I very much like the idea of partitioning these into different mental/business models and I really like these takes.

One caveat though, I don’t think this is a concern for Bitcoin*. For smaller blockchains absolutely but there are some very expensive deterrents to miners misbehaving on larger chains. Perhaps one of my favorite reads on the subject. And more to the point Bitcoin’s mining pool concentration is decreasing long term.

*Caveating my caveat with the caveat that Bitcoin does need to establish a solid fee market over the next ~8-12 years in order to remain viable due to its decreasing block subsidy.


Agreed. This happens a lot in practice in the public blockchain space with different mechanisms that appear as permissionless consensus in implementation but are actually permissioned in practice.

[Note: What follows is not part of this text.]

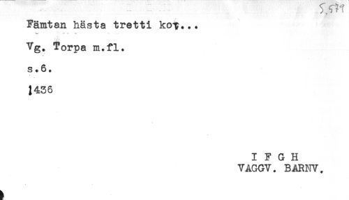 //// Fämtan hästa tretti kcrp... //// Vg. Torpa m.fl. //// s .6. //// j //// i436 //// I F G H //// VAGGV. B ARNY. ////
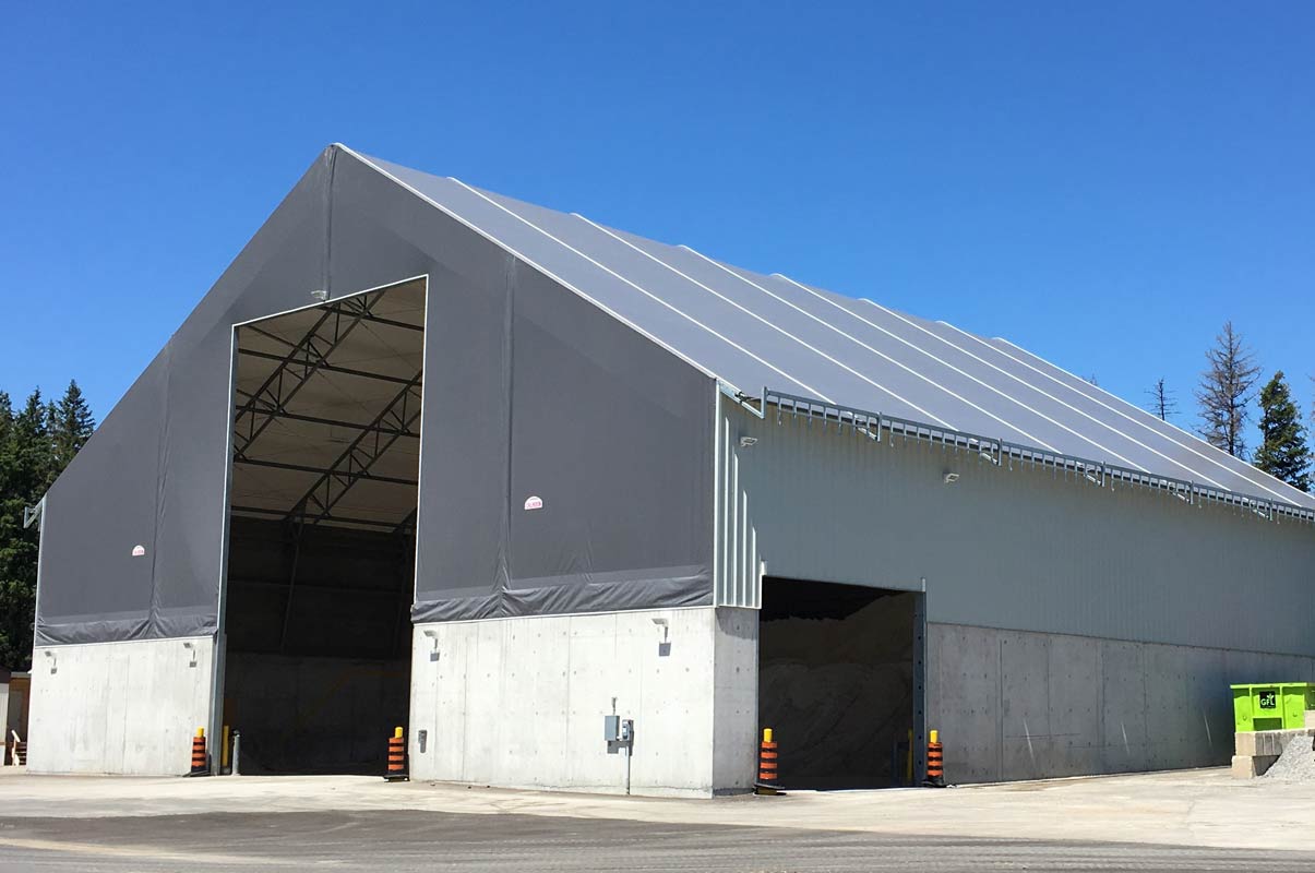 The building is able to accommodate large front loaders and plow trucks that are capable of operating simultaneously within the building. Constructed on concrete foundations with galvanized steel framing covered by a fabric roof membrane, aluminum siding was used to provide further protection to adjacent properties and buildings.

Also you’ve convinced me that “distributed ledger” is the best way to describe the superset of all of these technologies.


Then let me uncertain you concerning the term “distributed ledger”.

  1. In many cases, like BTC, ETH or Fabric, it’s actually not distributed but replicated.

  2. It’s not ledger in the accounting sense of the word. I accounting, a ledger is a collection of accounts with strictly defined structure, implementing double-entry bookkeeping. What is meant here is called a “journal” in accounting terms, a list of economic events, see a footnote to the DAML documentation.

I think the term generally used in the DAML docs “shared virtual lesger” is ok, despite the slight ambiguity of the “ledger” part. The “shared virtual” part covers the many different topologies which can be found in real life systems.


You’re right. Naming these things is hard.